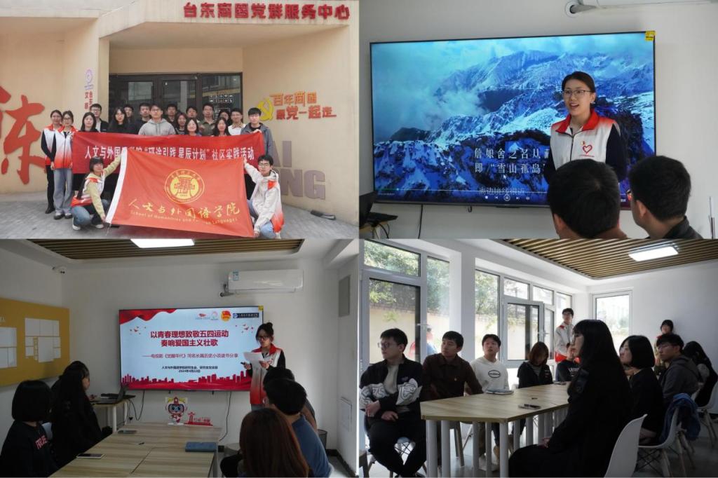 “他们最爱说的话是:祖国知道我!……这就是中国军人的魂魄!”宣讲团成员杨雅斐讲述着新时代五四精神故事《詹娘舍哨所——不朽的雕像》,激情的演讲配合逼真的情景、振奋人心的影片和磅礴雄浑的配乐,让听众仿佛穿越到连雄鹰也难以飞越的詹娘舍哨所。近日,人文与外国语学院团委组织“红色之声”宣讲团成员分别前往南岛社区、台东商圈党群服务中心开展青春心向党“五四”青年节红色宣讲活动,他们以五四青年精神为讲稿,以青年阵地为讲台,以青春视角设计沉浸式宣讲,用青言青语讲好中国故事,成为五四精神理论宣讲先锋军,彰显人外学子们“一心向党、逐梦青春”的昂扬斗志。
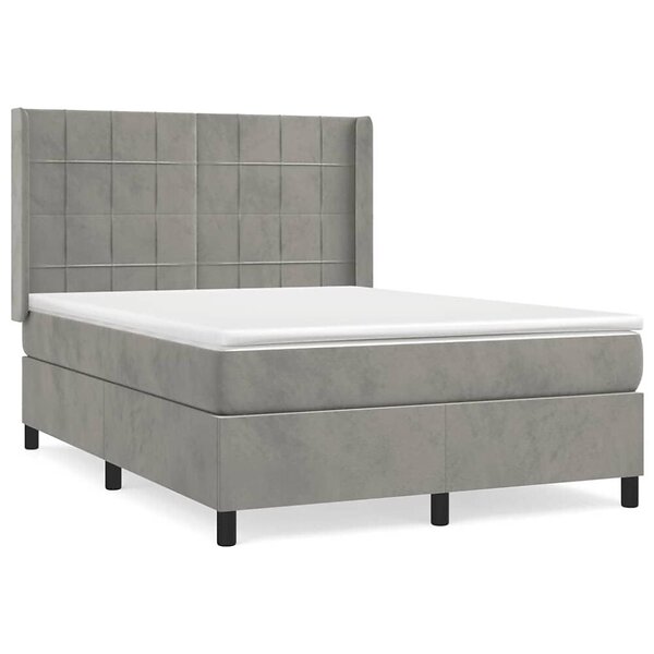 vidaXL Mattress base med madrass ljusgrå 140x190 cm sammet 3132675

* * *

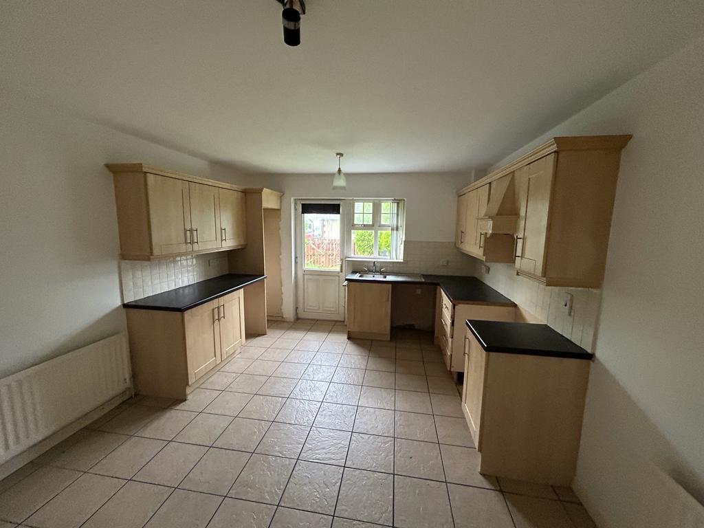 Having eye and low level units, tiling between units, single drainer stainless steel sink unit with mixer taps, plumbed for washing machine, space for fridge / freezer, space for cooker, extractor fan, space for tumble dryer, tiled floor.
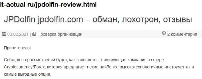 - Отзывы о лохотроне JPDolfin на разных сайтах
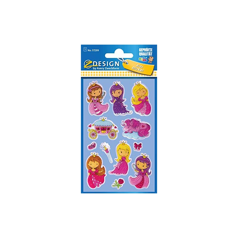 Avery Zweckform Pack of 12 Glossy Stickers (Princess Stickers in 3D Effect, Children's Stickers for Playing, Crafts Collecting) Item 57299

— INSTRUCTIONS FOR THE TASK —
The line holding "- Отзывы о лохотроне" starts the copy and the line holding "Avery Zweckform Pack" ends it. Repeat those two lines above and all between them exactly, leaving out pictures.

— REPLY TO THE TASK —
 - Отзывы о лохотроне JPDolfin на разных сайтах
 Avery Zweckform Pack of 12 Glossy Stickers (Princess Stickers in 3D Effect, Children's Stickers for Playing, Crafts Collecting) Item 57299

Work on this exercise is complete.